Methodology and Forming the Plot Trend Lines#

Methodology#

At its core, this is a simple dashboard – it:

  • Finds all the games that meet the conditions specified (comeback type, seasons, time left, team rank, etc.)

  • Does a simple # wins / # games calculation of the win percentages

  • And then fits a normal model to that data so we can see the trend in the underlying data more clearly.

This is different than other real-time probability calculators (like the one you see on a Google game summary page, the ESPN app, or what 538 put together for example). Those have very involved formulas that also consider additional factors (BPI rating, player lineups, vegas odds, etc.). Also, they are closed so it’s not clear what the input conditions are (e.g. what seasons) or what algorithm is used.

Here, the idea is not to pinpoint the exact win probability but rather is just to plot the available data based on a set of conditions in a way that allows analysis and comparison (while trying to show as much of the actual historical game data that makes up the data points as possible). The only part of the process where judgement is applied is the approach to the trend line fitting which is described below.

Trend Lines Help Reduce Statistical Noise#

The purpose of the trend lines is to fit a statistically valid model to the data. The real data will have fluctuations, especially as you reduce the number of games in whatever set you are looking at. For example, look at the points down at halftime chart for regular season and playoff games for 2017-2024 (~10k games) versus just the playoff games (~600 games).

As you can see, the smaller data set is “noisier”, but the trend lines help cut through the noise so we can compare two datasets as best we can.

How To Form The Trend Lines#

Usually, the best model is a line. However, our data is not linear with respect to probability. For example, look at the points down at halftime when plotted on a linear y-axis:

As is, this is not very useful, as all the events we care about are compressed down together at the bottom of the y-axis.

What we can do, however, is find a function that will convert our non-linear data to a linear domain. For example, people often use the \(ln\) function when dealing with exponential data.

With statistical data, the first go-to is the inverse of the unit normal (Gaussian) cumulative distribution function (CDF), which is denoted Φ⁻¹.

Applying that function to our data, we get this chart:

As you can see, now the data looks very linear. By applying this transformation, we have created a normal probability plot, which is often used to get a sense of how normal your data is. This is what all of our ‘Max Points Down’ or ‘Points Down at Time’ charts are: normal probability plots.
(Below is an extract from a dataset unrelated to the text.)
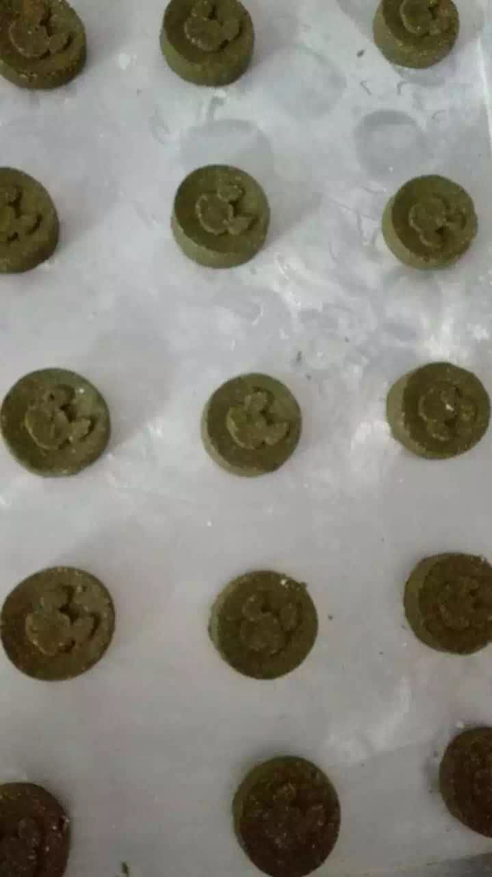 今天第一次知道寵物飼料居然也能用月餅機(jī)生產(chǎn)線制作!!!隨著經(jīng)濟(jì)發(fā)展越來越好,很多人都開始養(yǎng)起了寵物,貓、狗、鼠等等,鏟屎官們?yōu)榱俗屪约业拿⒆幽艹缘母眯蜁I幾百三四斤的貓糧、零食等等,消費(fèi)真是越來越高,有一家專門做寵物飼料的食品廠咨詢到月餅機(jī),現(xiàn)在寵物飼料的競爭太大,他想通過月餅機(jī)做出各種不同花樣的糧食,來吸引鏟屎官的視線從而引導(dǎo)銷售。因客戶物料問題無法提供現(xiàn)場試機(jī),不過感謝吳老板對旭眾品牌的認(rèn)可,直接定購月餅機(jī),現(xiàn)師傅上門調(diào)試設(shè)備、技術(shù)指導(dǎo)培訓(xùn)后,吳總的工作人員已能正常操作月餅機(jī)生產(chǎn)飼料食品,月餅機(jī)做的寵物飼料效果:

Usually, these plots are shown with the y-axis in standard deviations from the mean (or sigmas). I’ve simply changed the y-axis labels to show the standard probabilities that we’re used to discussing: for example, -1 sigma maps to about 15.8%, -2 to 2.2%, and -3 to 0.13%, etc.

How to Fit The Line#

Now, the goal is simply to find the slope and y-intercept for our trend line in a way that is statistically valid. This is a standard logistic/probit regression problem where our descriptor variable (the point margin) determines the probability of an outcome (winning the game).
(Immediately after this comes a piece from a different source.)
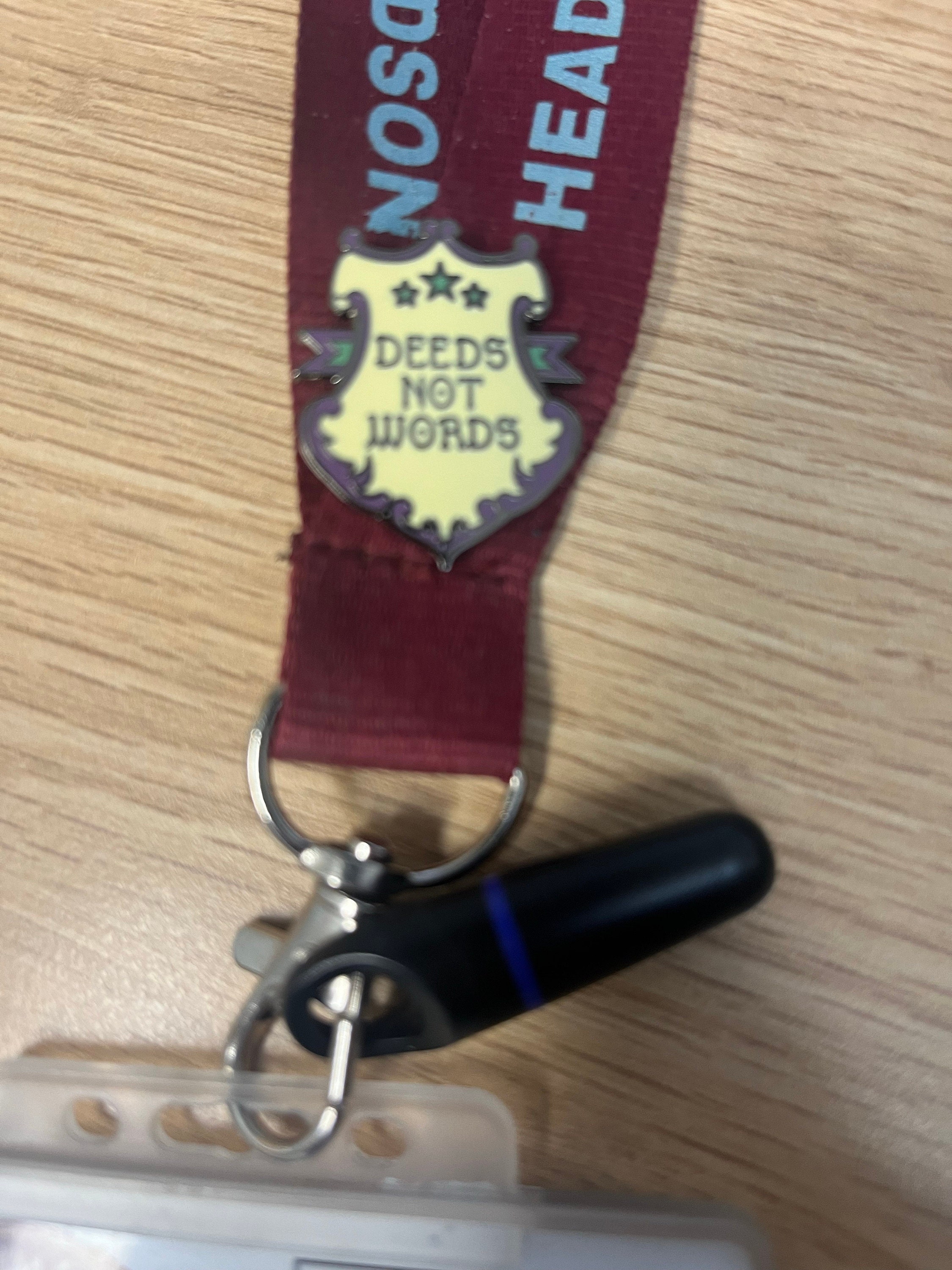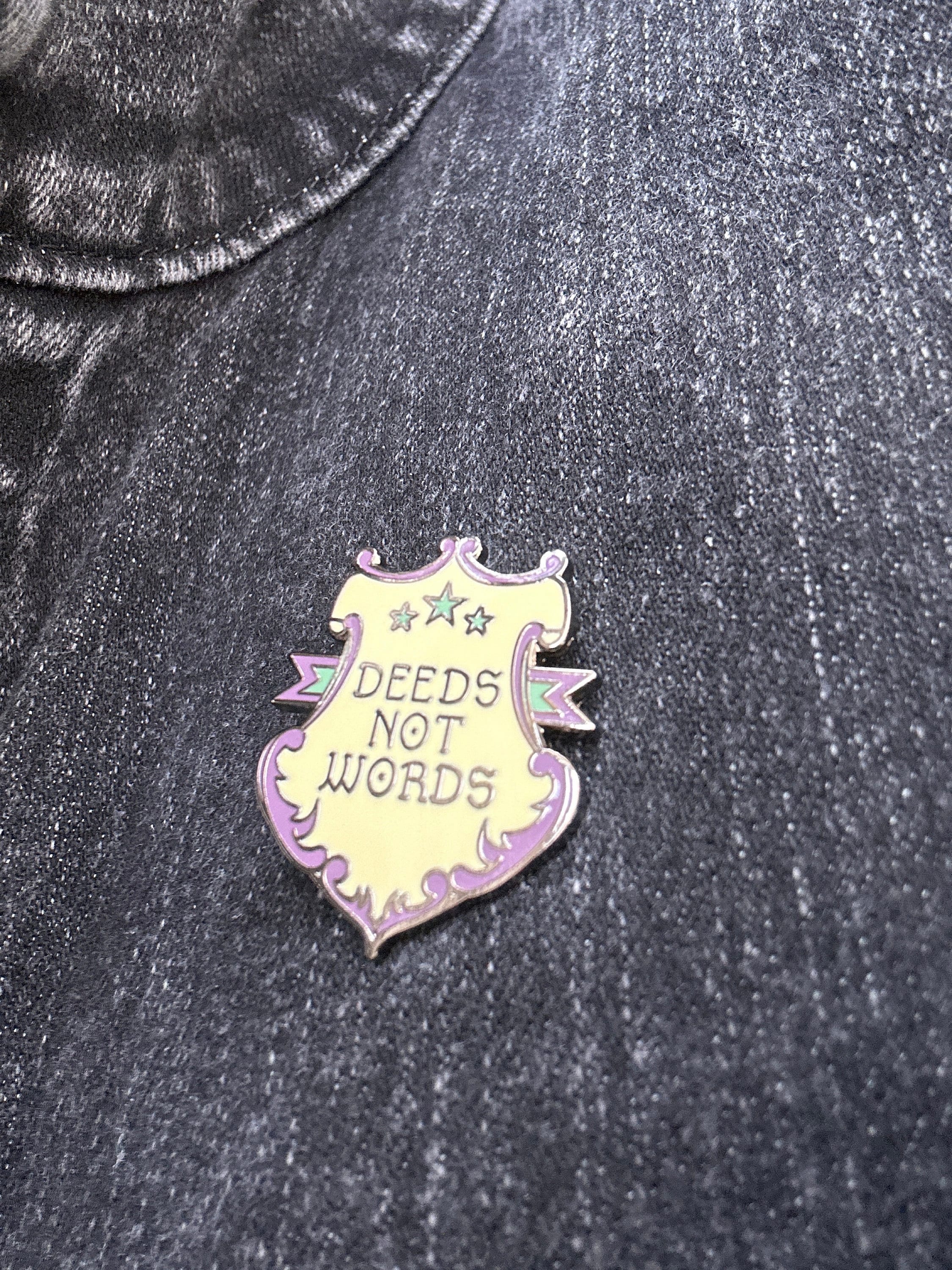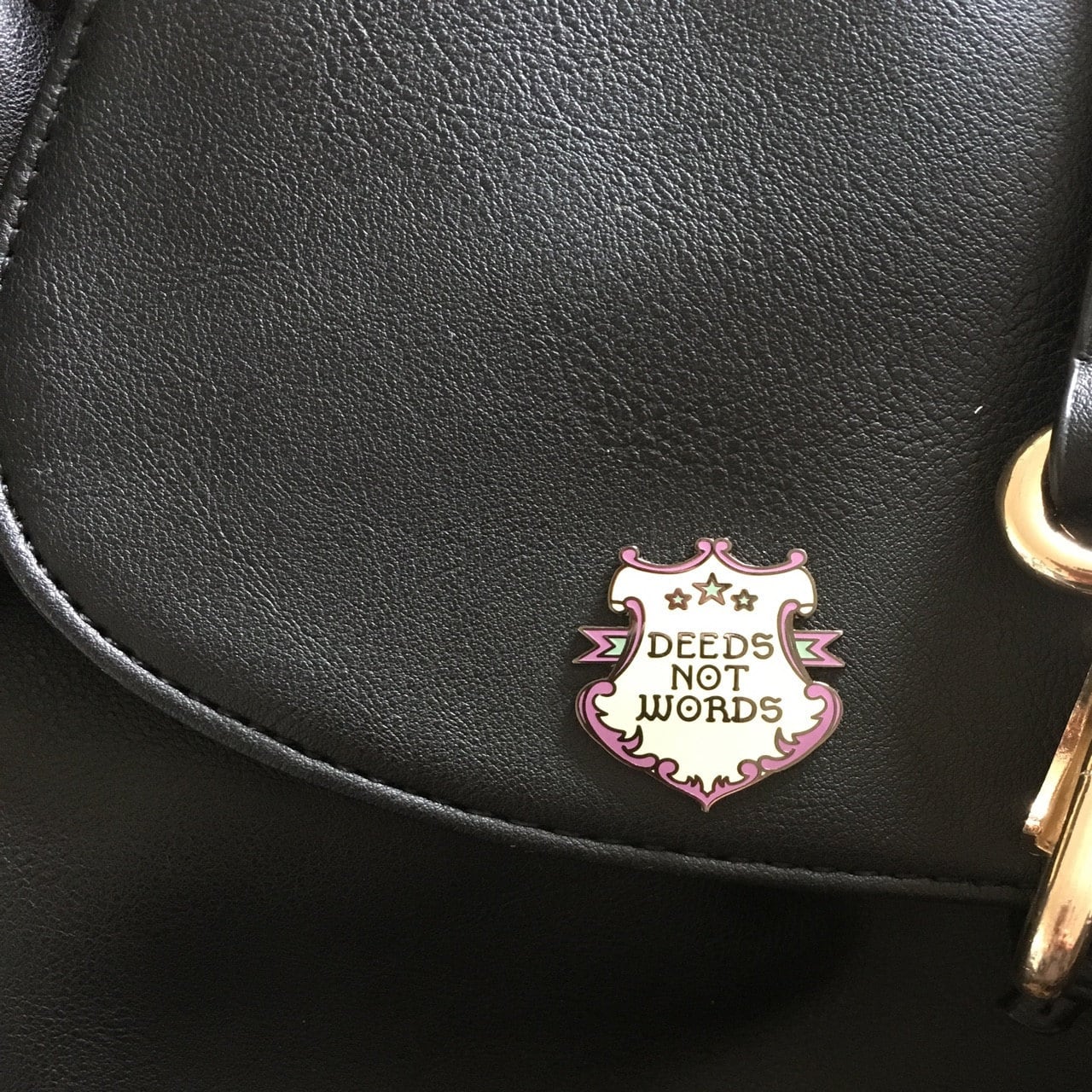 A 'Deeds Not Words' pin in green and purple hard enamel - the official colours of the Women's Suffrage Movement.

For probit regression, this means:

\[P(\text{win} \mid \text{point_margin}) = \Phi(\beta_0 + \beta_1 \times \text{point_margin})\]
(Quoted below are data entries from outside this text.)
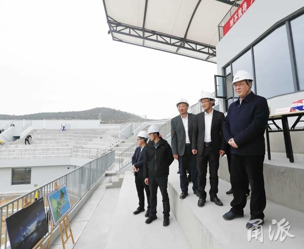 彭佳学首先来到石浦半边山考察亚运沙排项目场地。目前,主场馆建设已进入尾声,本月就将竣工投用。彭佳学进场馆、登看台,仔细查看项目建设情况,详细询问场地用沙材质、比赛用球规范及相关配套设施等细节问题。他说,要严格遵循国际标准、国家相关规定,一丝不苟抓细节、精益求精提品质,更好满足运动员和观众的需求。彭佳学还要求相关部门提前谋划后续经营利用,科学规划休闲旅游业态,挖掘消费潜力,培育消费热点,助力运动休闲小镇建设。
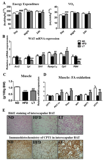 3.2. LT Supplementation Increased EE and Regulated mRNA Expression of WAT and Muscle
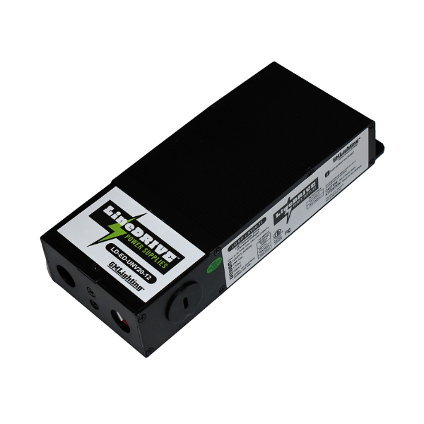 LineDRIVE Series 12VDC / 24VDC Electronic LED Power Supplies with low voltage outputs and are designed to work with standard ELV/Incandescent TRIAC (leading edge) dimmer switch. Encased in a low profile light weight aluminum enclosure that includes multiple knock-outs to enable easy installation.
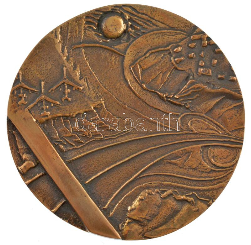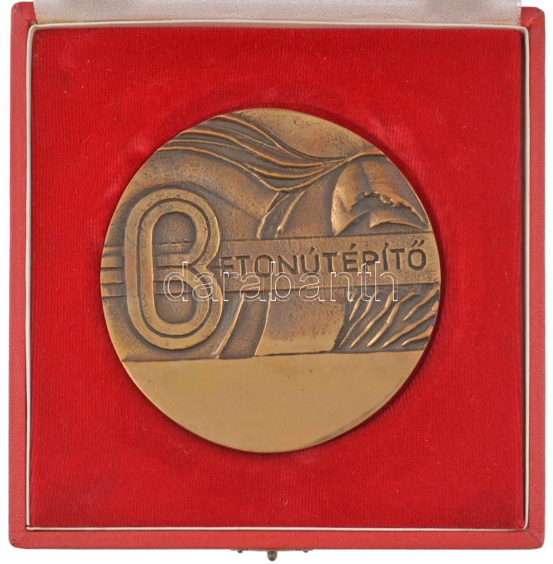 ~1970-1980. "Betonútépítő" kétoldalas, öntött bronz plakett, eredeti tokban (100mm) T:1-
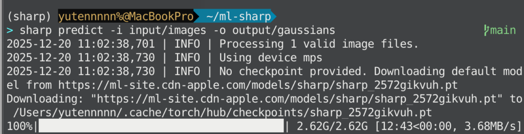続いて、推論を実行します。これで出力先に3D Gaussian Splats(.ply)が生成される流れになります。
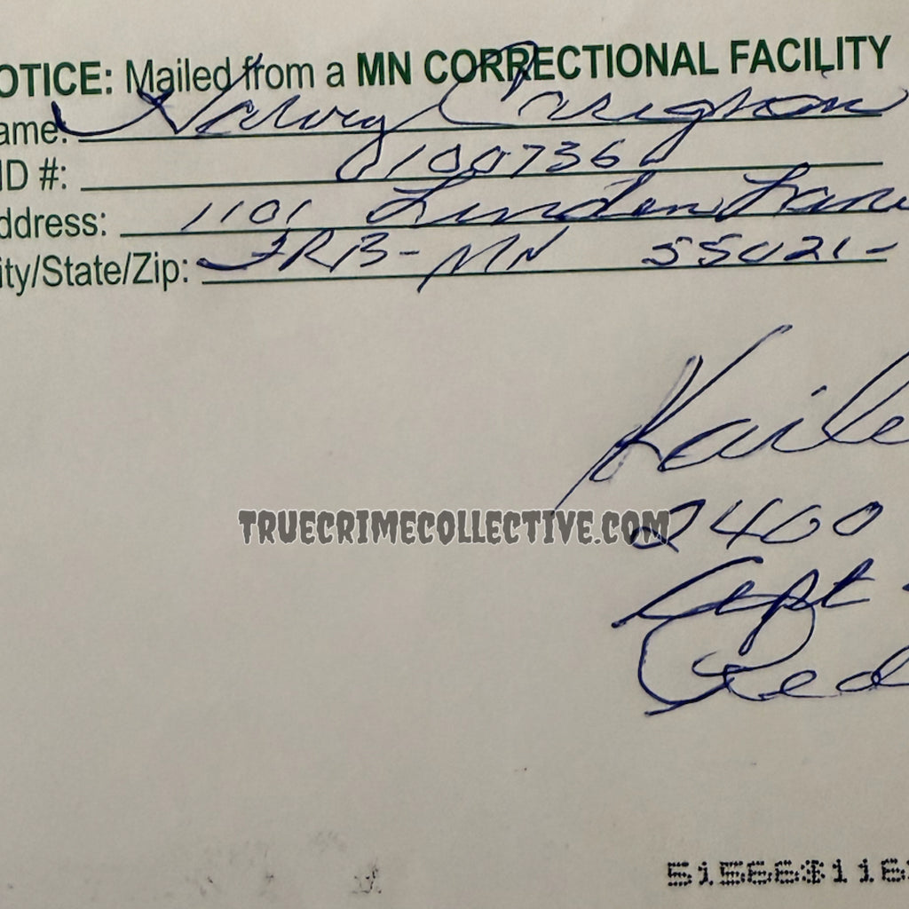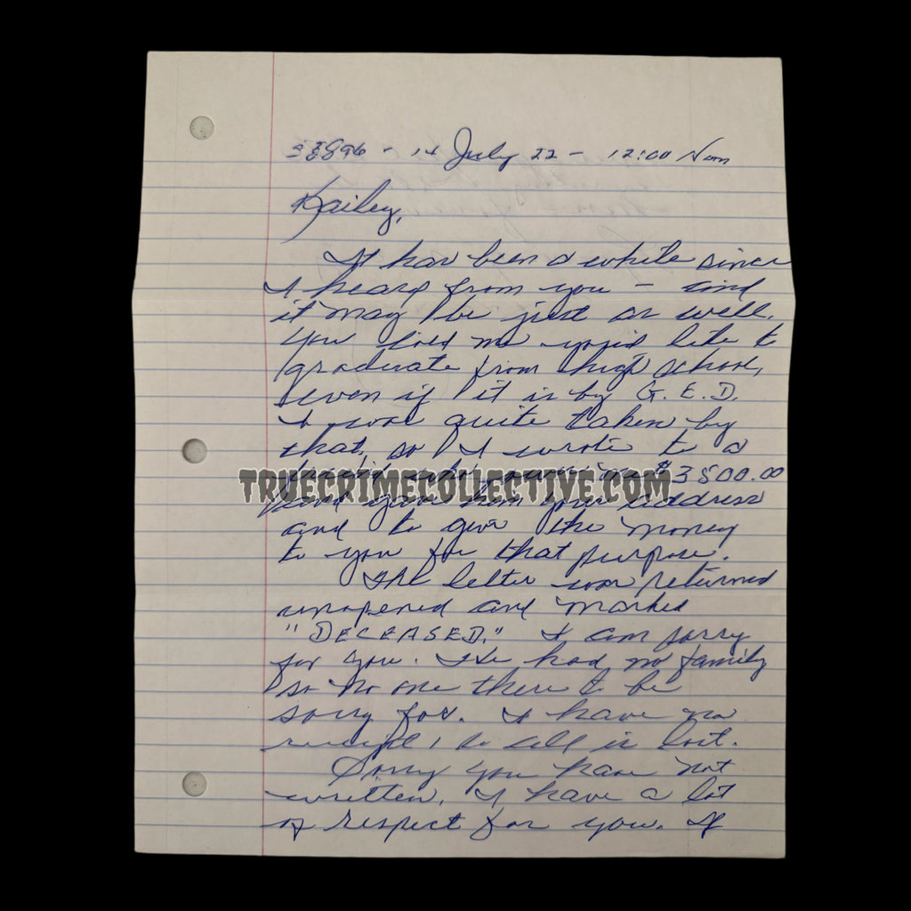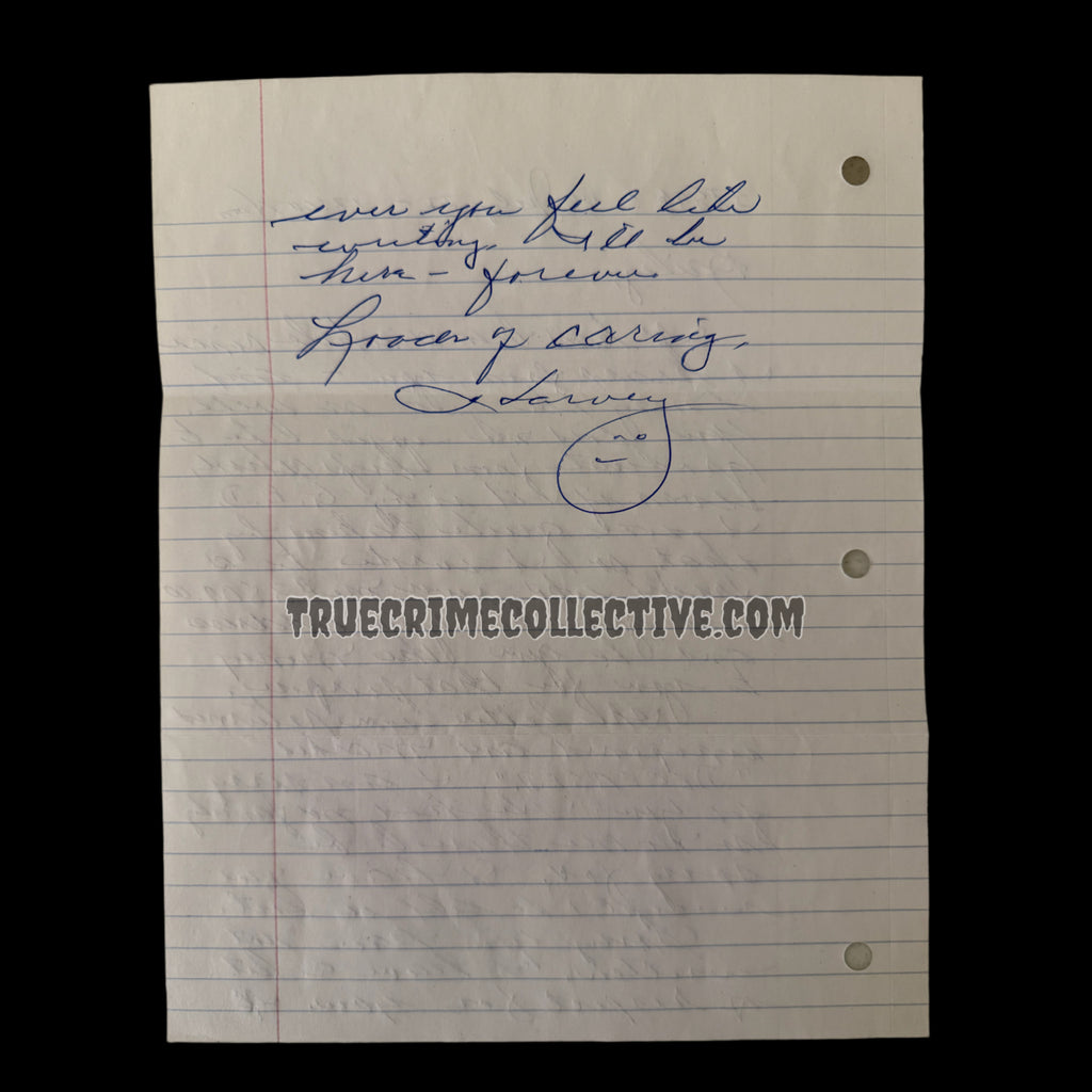 Two page letter and envelope set from serial killer Harvey Carignan, also known as the Want-Ad Killer and Harvey the Hammer. This letter was handwritten front and back of one single page, and signed at the end of the letter on page two. Also included with this letter is a photo that Carignan sent of himself.

For probit, the link function \(\Phi\) is the normal cumulative distribution function. For logit regression, we would use the logit as the link function. To find the \(\beta_0\) and \(\beta_1\) we use standard maximum likelihood estimation (MLE), which gives us the most statistically sound way of finding our model (as opposed to, say, linear regression).

The major question is whether to use logit or probit. And the answer is probit because the inverse CDF function does a better job of linearizing our data, meaning it is more likely to be the correct underlying model. Looking at the tail using the two methods, we get:

../_images/probit_v_logit.png

As you can see, the inverse normal CDF does a better job at linearizing the data.

This is confirmed when using the two methods and comparing returned p-values and fit lines across various cases. Using probit for our current set of conditions, we get:

And using logit logistical regression we get:

This produces a poor fit in the tail region, which is especially problematic because the low probability events are the ones we are most concerned with.